> _PROMPT_:
Leaving out pictures, output exactly the lines below from the one that has "Installation of Young Minds Club of Mattanur" through the one that has "EPS 10 (+20/+45)", and nothing else.

> _ENTRIES PROVIDED_:

........

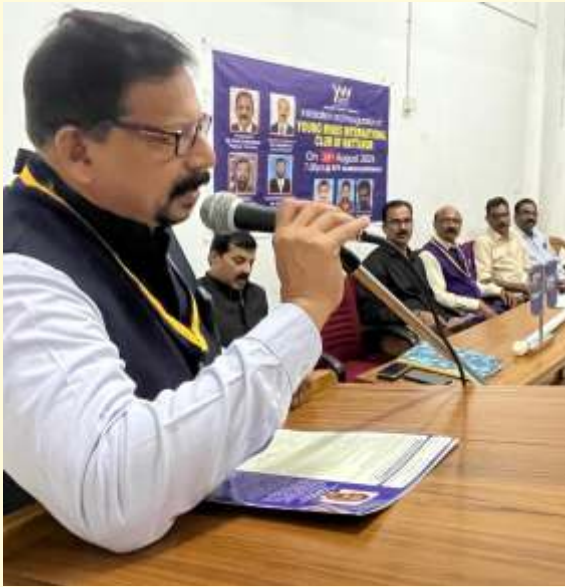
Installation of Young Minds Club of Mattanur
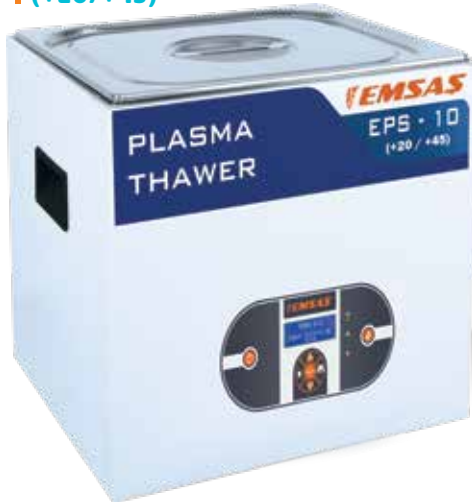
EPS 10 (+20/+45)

........

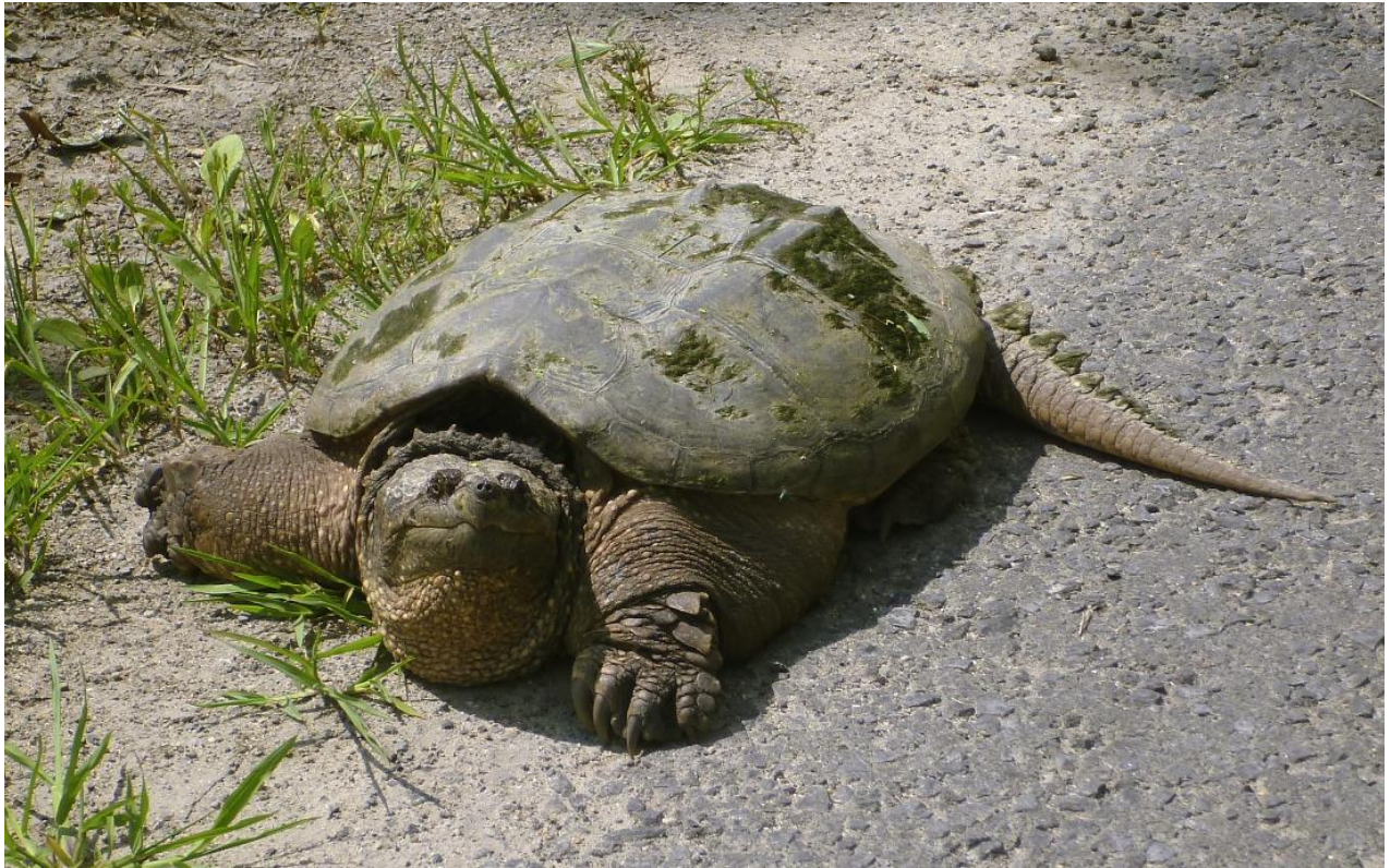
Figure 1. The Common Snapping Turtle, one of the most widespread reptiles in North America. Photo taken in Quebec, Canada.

........

> _SOLVED EXERCISE_:
Installation of Young Minds Club of Mattanur
EPS 10 (+20/+45)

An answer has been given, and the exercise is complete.